How to extract data from HTML file

White Cat · Post by **White Cat** » 2007-07-24 04:06am

I'm struggling with getting some Web data into a usable format. I have a whole bunch of individual Web pages, with one record per file, and I want to extract the data to a single CSV (or Excel/Access) file. The structure of the HTML files looks something like this:

Code: Select all

<td width="25%"><span id="lblField1Title">Field 1 Title:</span></td>
<td width="75%"><span id="lblField1" class="field1_description">Field 1 data</span></td>
*more code*
<td width="25%"><span id="lblField2Title">Field 2 Title:</span></td>
<td width="75%"><span id="lblField2" class="field2_description">Field 2 data</span></td>

And so on. The end result should look like this:

"Field 1 data","Field 2 data", ... "Field 5 data"

Anyone know of a good method for extracting data like this? The toughest problem I've run into is that the extraction tools I've found assume that your data is nicely arranged with one record per row, instead of one record per file with the data scattered around within, like I'm dealing with.

Alferd Packer · Post by **Alferd Packer** » 2007-07-24 03:18pm

Well, you might want to figure out if the text lies before and after the fields you want to grab is uniform. For example, let's say you know that in each file, the word "description" appears two characters before the data you want to grab, and the phrase </span> appears immediately after the record.

You would then write a program that reads each line of the HTML file, and when it finds the word "description," it would record what came two characters after it, stopping when it had read in </span>, then truncating the last seven characters (the </span>) from the text. Append the output to a text file, and move on to the next HTML file.
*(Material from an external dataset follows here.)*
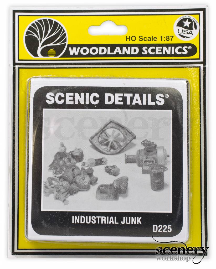Woodland Scenics Industrial Junk is een verzameling van oude generatoren, olievaten, betonblokken, ventilatoren en meer restanten van heavy duty work. Deze verzameling is op HO formaat dat wil zeggen 1:87, iets kleiner dan 28mm, maar misstaat niet als scenery op deze schaal. Een realistische look geven aan garages, fabrieken, boerderijen en nog veel meer dat is wat Woodland Scenics Industrial Junk doet.

General Zod · Post by **General Zod** » 2007-07-24 03:52pm

Couldn't you just open the raw data file in a browser then copy and paste the layout from the browser itself into Excel? Since it sounds as if you don't want to bother with all of the code. Reasonably, opening it in a browser would render the page as it's supposed to be displayed when viewed over the web, without any of the junk data.

phongn · Post by **phongn** » 2007-07-24 09:40pm

Assuming that this is well-formed HTML, you could probably try writing some .NET code or something to parse and extract the data you want.

Post by **Beowulf** » 2007-07-24 10:00pm

If it's well formed as XML, you could use an XSLT stylesheet to transform it, and then concatenate all the records together. Or you could use an XPath query to locate and retrieve the correct data.

White Cat · Post by **White Cat** » 2007-07-29 01:13am

Thanks to everyone who offered advice. I ended up using a program called TextHarvest.

In case anyone else here ever needs to do something similar, here's the script I wrote for this purpose:

Code: Select all

FullPage = SetFromFile $ActualIFN
Field1 = Parse FullPage 'text before Field1 data' 'text after Field1 data'
Field2 = Parse FullPage 'text before Field2 data' 'text after Field2 data'
Field3 = Parse FullPage 'text before Field3 data' 'text after Field3 data'
Field4 = Parse FullPage 'text before Field4 data' 'text after Field4 data'

OutCSV ',' 'Init'
OutCSV $ActualIFN ;Outputs the filename to the CSV
OutCSV Field1
OutCSV Field2
OutCSV Field3
OutCSV Field4
OutCSV '' 'Done'

However, something about the program (not sure whether it's a bug or designed to work that way) causes this code to run once for every line in the program, so if (for example) your HTML source files are 50 lines long, your output CSV file will have 50 copies of each record. To solve this, find a piece of text that only appears once per file (e.g. "DOCTYPE") and put it in TextHarvest's "Keep" line, preceded by a slash.